Une réglementation nécessaire

Monsieur le président, madame la secrétaire d’État, mes chers collègues, depuis 2010, l’usage des drones se démocratise et se diversifie. Ainsi, le secteur des drones professionnels civils connaît de multiples usages dans l’audiovisuel et les médias, l’inspection du bâtiment et les infrastructures, les mines, les carrières, les chantiers ou l’agriculture. Ces usages évoluent comme en témoignent les expériences de La Poste ou d’entreprise de commerce en ligne. Le festival Drôles de Drones, qui s’installera à la Cité des sciences et de l’industrie dans un mois, dévoilera sans aucun doute encore des nouveautés.

On le voit, le marché des drones est source d’innovation, de création d’emplois, de croissance économique. Les très petites entreprises et les petites et moyennes entreprises françaises sont bien placées.

Face à la multiplication du nombre d’utilisateurs et des incidents, on constate une volonté, au niveau tant européen que national, de mieux contrôler les usages des drones.

La Commission européenne travaille actuellement à l’intégration prochaine, dans les textes européens, de dispositions relatives aux engins en deçà de 150 kilogrammes.

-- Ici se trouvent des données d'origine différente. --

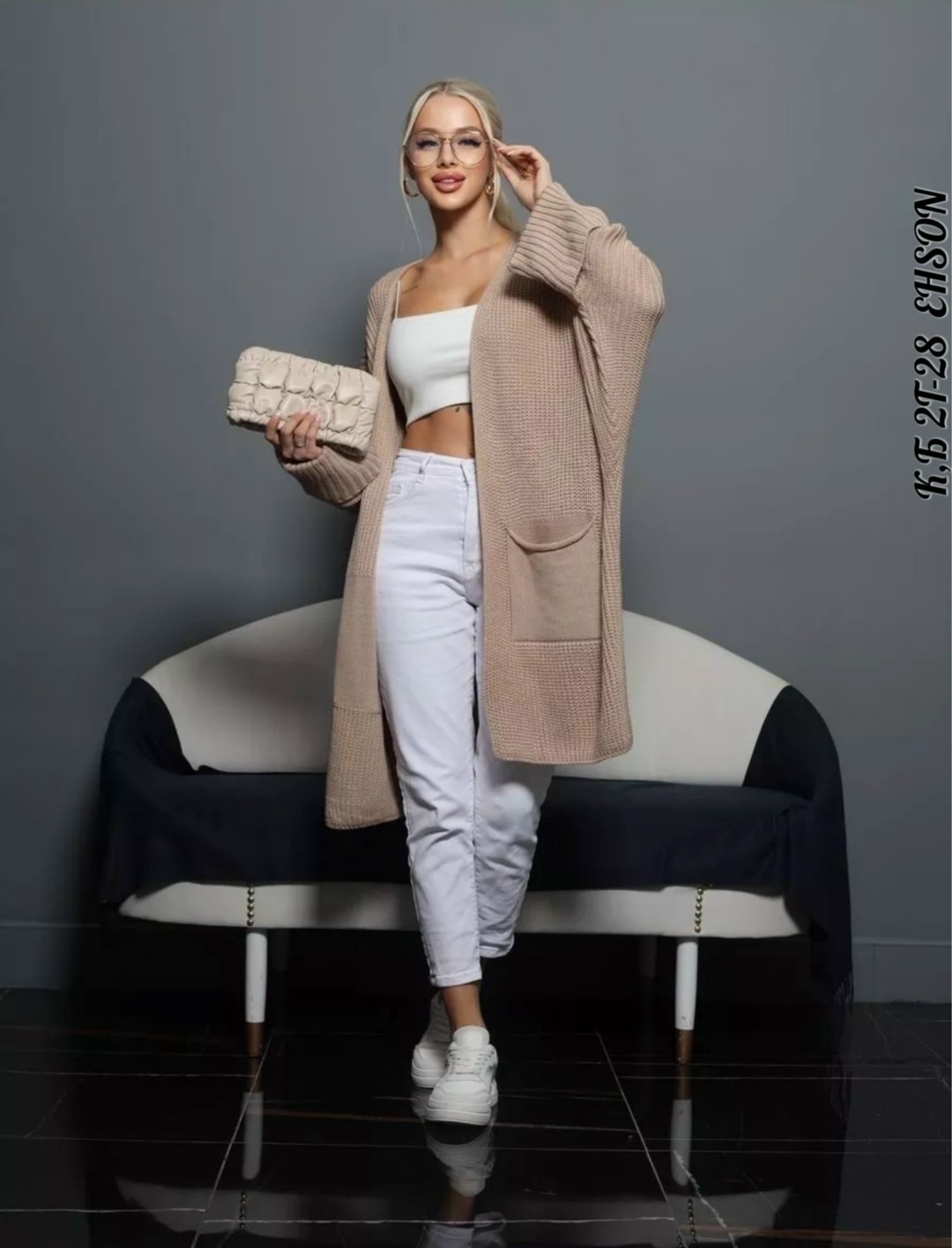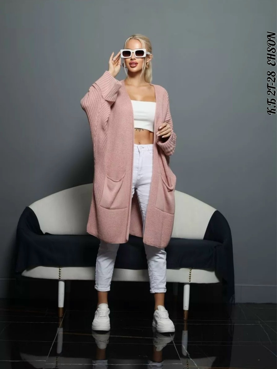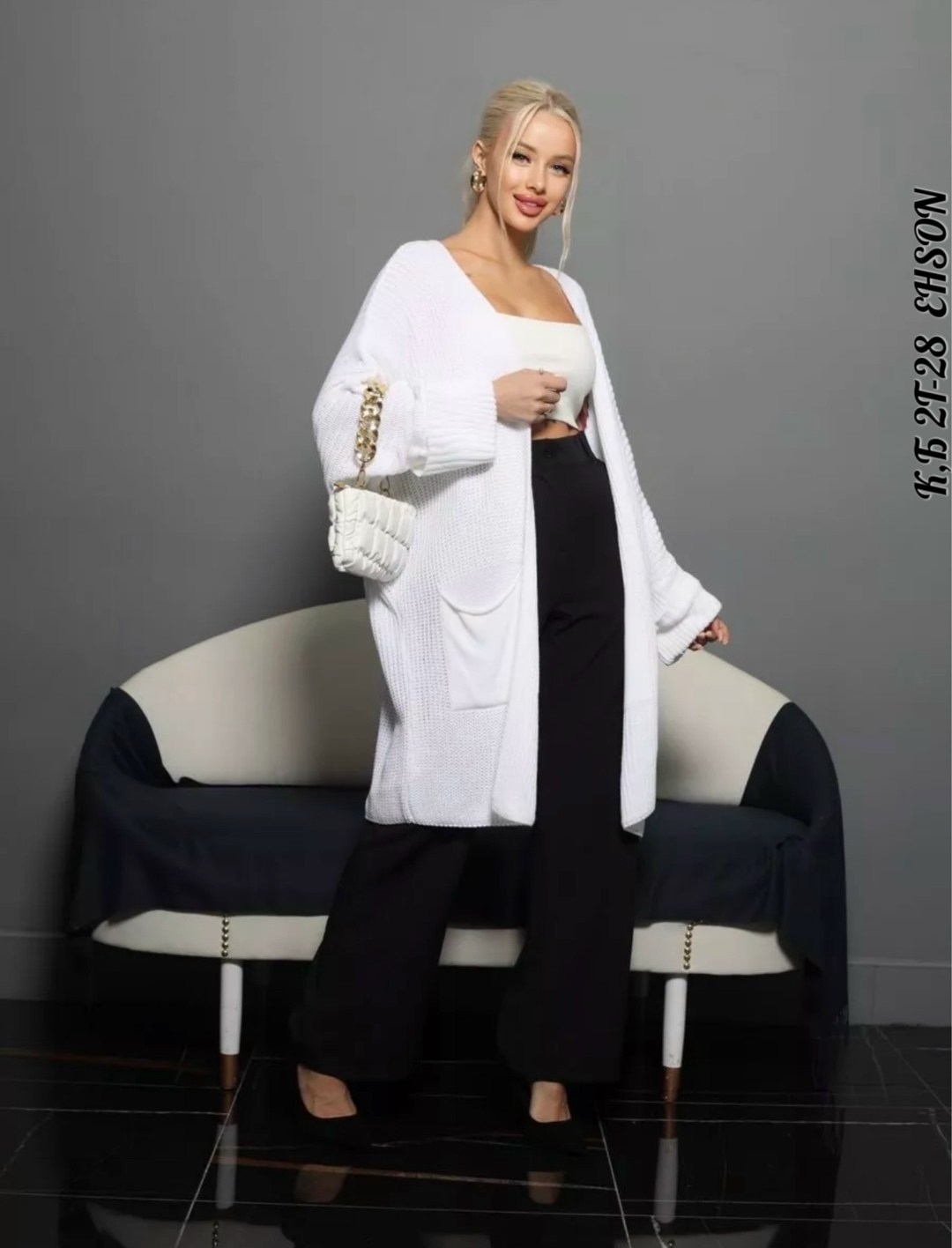 Кардиган длинный женский вязаный с карманами оверсайз Крой - прямой силуэт Рукава летучая мышь.
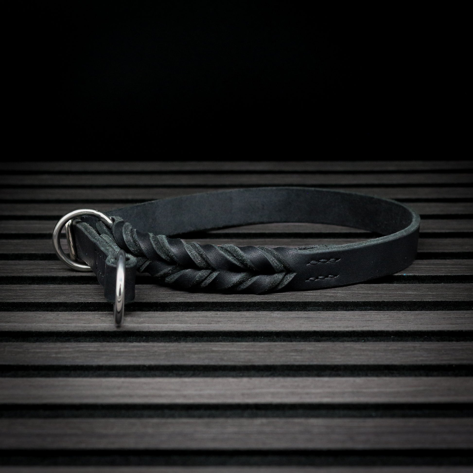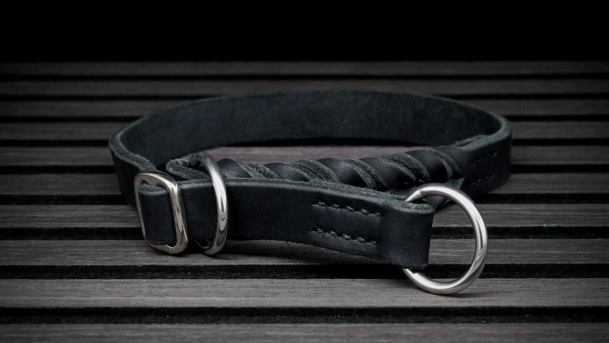 Zugstopp Halsband mit Beschlägen aus Edelstahl oder Messing.

Le 29 septembre dernier, la commission des transports du Parlement européen a rendu un rapport sur l’utilisation sûre des systèmes d’aéronefs télépilotés plaidant pour un cadre réglementaire harmonisé au niveau européen.

De plus, le Parlement européen a adopté le 29 octobre 2015 une proposition de résolution afin que « l’Union européenne développe le plus rapidement possible un cadre législatif portant uniquement sur l’utilisation civile de systèmes d’aéronefs télépilotés, et que le cadre législatif européen permette, d’une part, au secteur de continuer à innover et de se développer dans les meilleures conditions possible, et, d’autre part, aux citoyens d’avoir l’assurance d’une protection efficace des biens et des personnes ainsi que de leurs données personnelles et de leur vie privée ». Cette phrase résume à elle seule tout l’enjeu du débat.

En 2012, la France a passé une réglementation concernant les usages professionnels de drones. Or, aujourd’hui, le secteur du drone de loisirs connaît un essor très marqué. C’est en ce sens que, faisant suite au rapport d’octobre 2015 du Secrétariat général de la défense et de la sécurité nationale sur le sujet, le Gouvernement a pris deux arrêtés en décembre dernier qui viennent renforcer la réglementation.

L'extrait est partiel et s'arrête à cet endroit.